Sea rebrands the Mental Health Foundation

Sea Design has rebranded the Mental Health Foundation, creating a new visual identity to be used across all of the organisation’s materials and website.

The consultancy was appointed to the project last March following a credentials pitch. It had previously worked on a small campaign project for the charity.

According to Bryan Edmondson, founder of Sea, ’With Government funding getting more and more competitive, every charity has to look commercially at making their brand work a lot harder.’

Sea worked alongside brand strategist Ralph Ardill and initially audited all the charity’s past communications. It also looked at how the charity’s directorate, the Foundation for People with Learning Disabilities, could work with the main branch more effectively in communications.

The identity will be used across all touchpoints including online, campaign materials and internal communications. Sea also created a new ’organising thought’, which is ’changing minds’.

Edmondson says, ’It had been positioned as a very colourful charity in all its communications.
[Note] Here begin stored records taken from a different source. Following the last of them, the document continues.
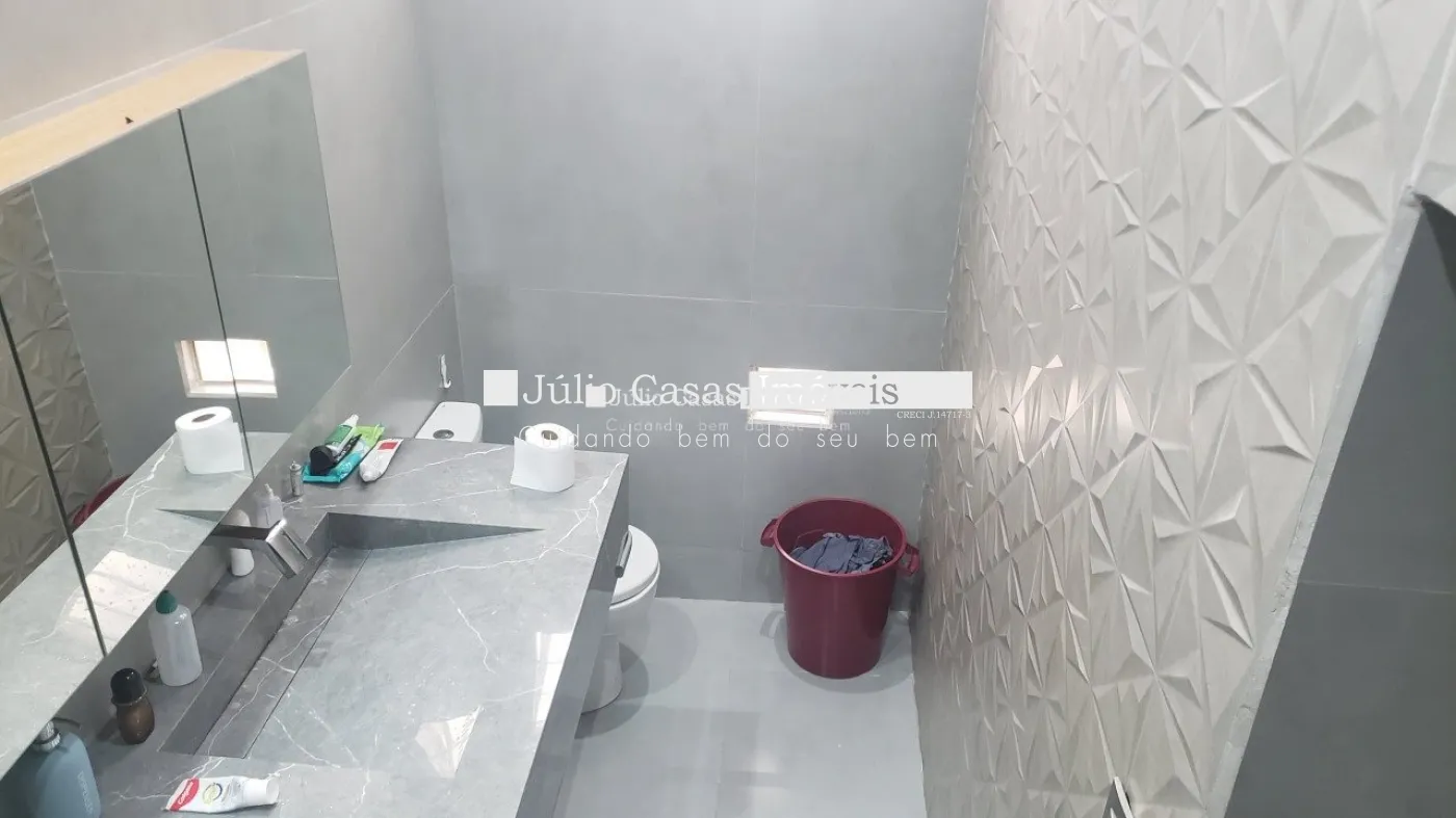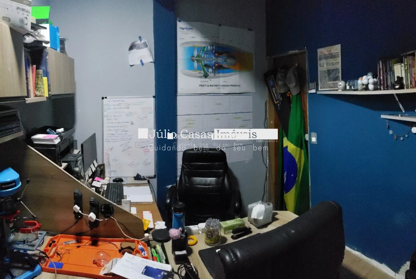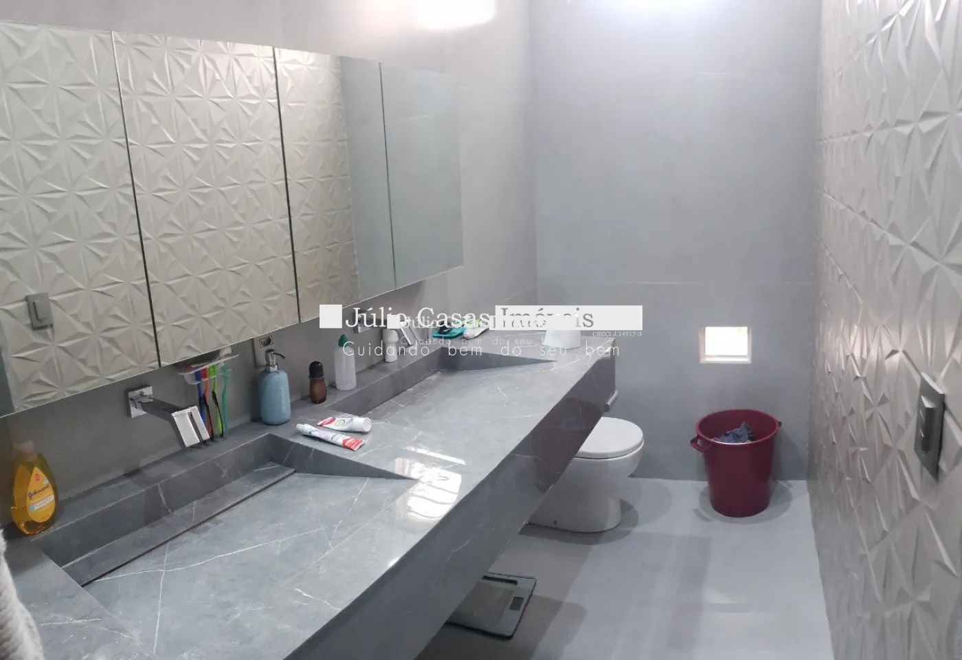 Casa com sala, escritório, copa e cozinha ampla com despensa, lavabo, 2 suítes amplas quintal com churrasqueira, Garagem para 3 veículos. Sala e dormitórios e escritório com ar condicionado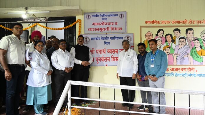 शासकीय वैद्यकीय महाविद्यालय व रूग्णालय, मिरज येथे अद्ययावत व्यसनमुक्ती व पुनर्वसन केंद्राच्या उद्घाटन प्रसंगी ते बोलत होते. यावेळी जिल्हाधिकारी अशोक काकडे, अधिष्ठाता डॉ. प्रकाश गुरव, जिल्हा शल्य चिकित्सक डॉ. विक्रमसिंह कदम, मानसोपचार विभाग प्रमुख डॉ. राजकिरण साळुंखे, सहयोगी प्राध्यापक डॉ. महेश कुंभार, आदि उपस्थित होते.
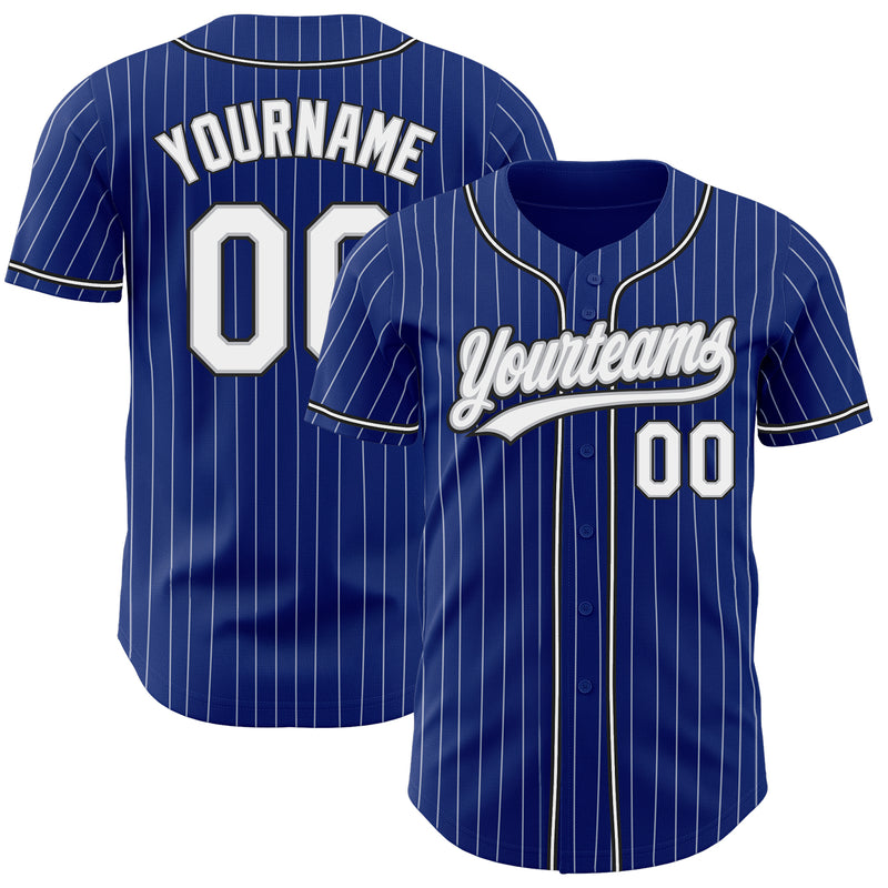 Custom Royal White Pinstripe White Gray-Black Authentic Baseball Jersey

A lot of charities own different colours – we wanted to avoid that and use something factual, so it’s black and white, simple and direct.’

Sea created a monogram seal marque using a ’very cool’ dark grey colour palette that aims to convey the authority and credibility of the charity.

The consultancy also commissioned a photographic portrait series campaign, shot by Richard Learoyd, to convey the ’human beings’ affected by mental health issues.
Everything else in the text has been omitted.